Here’s an update for February 2017 on what is happening with the sales program and the social housing tenants being relocated. We update the previous blog.

Sales
McGrath has commenced 2017 year’s sales with 6 blocks each comprising 4 units that provide a selection of 2 and 3 bedrooms. The 6 blocks are 38 to 40A and 50 to 68A High Street. The price guide for each block is $4,800,000. For more information, check the media release here and McGrath’s website here

Residents
At the meeting of Millers Point Estates Advisory Board on 1 February 2017 Family & Community Services Housing NSW reported:
  • 399 tenancies in the portfolio. 
  • 368 have been vacated. 
  • Of the 31 remaining tenancies (numbering 43 tenant and household members) to be relocated: 
    • 8 (numbering 10 tenant and household members) are from FACS Housing NSW and involve 2 approved for moving into alternative accommodation within Millers Point and 6 approved for moving outside of Millers Point. 
    • 21 (numbering 30 tenant and household members) are from FACS Housing NSW and remain unallocated 
    • 2 (numbering 3 tenant and household members) are from Little Real Estate and remain unallocated. 
  • 4 of the 31 remaining tenancies (covering 6 tenant and household members) are in the Sirius Building and of these: 
    • involves 1 approved for moving into alternative accommodation outside of Millers Point. 
    • 3 remain unallocated. 
  • 28 properties in Millers Point were set aside for remaining tenants and household members. Of these, 12 are occupied by 11 tenancies, 2 are unoccupied but allocated, 5 are unoccupied but holding pending decision and 9 remain unallocated. 
At the beginning of the process 579 tenant and household members were to be relocated. Altogether 546 tenant and household members have either vacated or are committed to moving, with a further 33 still uncommitted to moving.

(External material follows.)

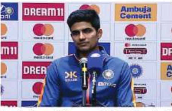
शुभमन गिल ने शतक लगाने के बाद दी प्रतिक्रिया।

You will recall that, in the first half of 2016, Family and Community Services (FACS) Housing commenced making two formal offers to those residents who remained. If tenants refused these offers, they had the option of appealing to the Housing Appeals Committee (HAC) for a recommendation that such offers were unreasonable. FACS Housing is not bound by HAC's recommendation.

Where the tenant refuses formal offers which are deemed reasonable by FACS Housing, then FACS Housing must follow the process set out under Sections 148 to 151 of the Residential Tenancies Act 2010. These sections are read together with the procedure approved by the Minister which may be found on FACS Housing website here. You will find a summary of this process here.
 
The Tenants Union of NSW understands that, as of mid- February 2017, a number of 'Notices of intention to issue a Notice of Termination' have been issued. Once this process has been set in motion, the subsequent steps set out in the procedure approved by the Minister follow within a short period of time.